Publications

Drafting Contracts to Avoid Headaches

Greg Harney
Originally published in
Business Vancouver Island - October 2009
by Greg Harney

In the movie Michael Clayton, George Clooney’s character describes the lawyer’s role as that of a janitor. A good portion of a litigator’s work does involve cleaning up the messes resulting from broken-down business relationships, but the good news is that some of these messes can be avoided by insisting on plain-language drafting and by keeping an eye out for future potential disputes.

Many people assume that contracts have to be full of legalese or be in fine print, which isn’t the case. Lawyers and companies draft documents that way for various reasons, but partly to cover themselves and partly because that’s just how it’s always been done.

You may be an experienced businessperson, but if your contract is full of legalese you’re probably not even going to read the whole thing, because you know you won’t understand it all. For obvious reasons this isn’t a good idea. It’s not unusual to see situations where people are not aware of all of their remedies when the other party breaches the contract.

Clarity is paramount. Terms should be in plain English. A regular person should be able to read and understand them. If there’s a dispute, the more clearly the contract is written, the easier it will be to sort out the rights and obligations and to determine liability.

Some people believe that legalese makes a document more official or more iron-clad. Actually, a contract only has to set out who has to do what, in exchange for what, by when, and how they’re supposed to do it. In other words, it should describe the rights and obligations of both parties, the consideration, and the penalties for not complying. “Jake will sell his bike to Rhianna. Rhianna will pay Jake $100 for the bike.” Those are valid contractual terms. It also helps to make the terms as specific as possible. “Rhianna will pay Jake $100, by certified check, by December 1, 2009.” This eliminates uncertainty about method and date of payment, which tightens up the contract.

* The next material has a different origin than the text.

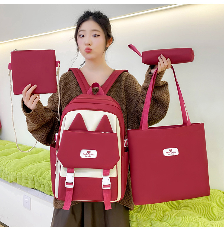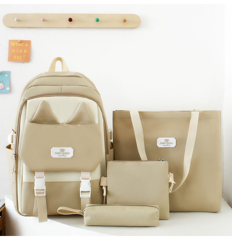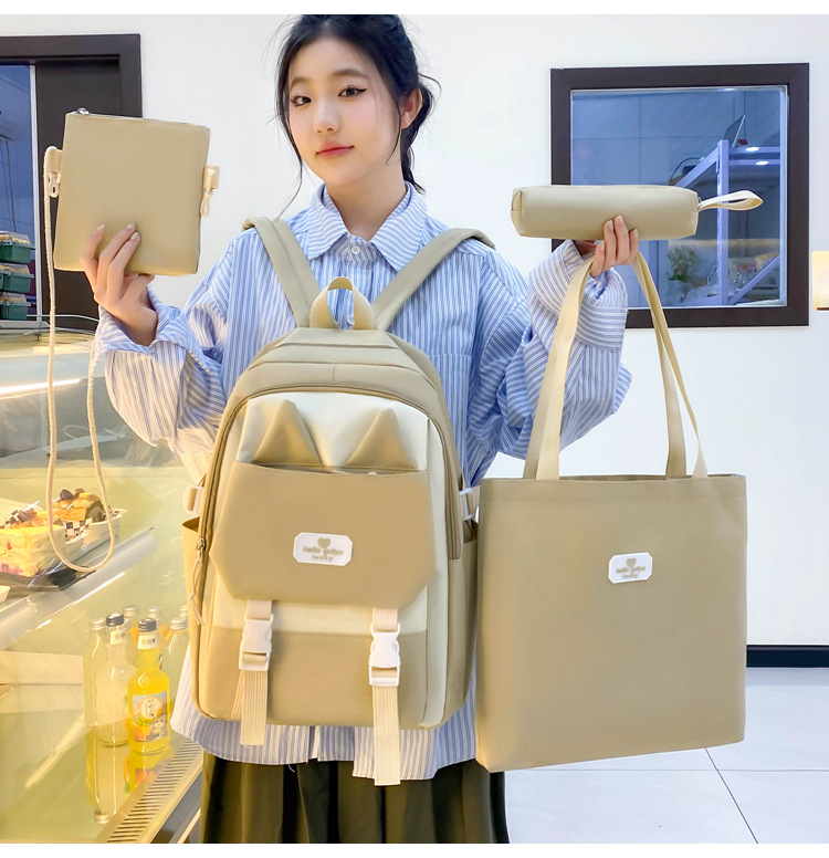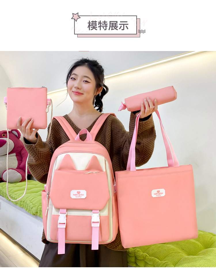 캐주얼 대용량 더블 배낭 4 조각 세트 학생 가방 트램 가방 작은 사첼 연필 가방 4 조각 조합 가방 여성용스토어 가기

Contracts should also be drafted with an eye towards future possible disputes. Litigation doesn’t start the first time you march down to court to file your claim; in a sense, it starts much before that – when you first draft the contract. This sounds cynical but it’s actually helpful to both sides at least to turn their mind to this. When a dispute arises from a commercial transaction, one of the first things a judge will do is look at the terms of the contract. You want to avoid any confusion about the parties’ intentions. In addition to describing the rights and obligations, a good contract should also set out any specific dispute resolution mechanisms: court, arbitration, venue of dispute resolution, etc.

If you’re considering entering into a contract with someone, it’s to your advantage to draft it yourself (or have your lawyer draft it), rather than have the other party draft it, because then you can frame the terms in the way you want. This doesn’t mean you can load up the terms only to your benefit since this can work against you if it goes to court, but it’s still advantageous to be able to choose the wording.

By keeping these principles in mind, you might not prevent disputes, but you may reduce the cost and uncertainty involved in resolving them.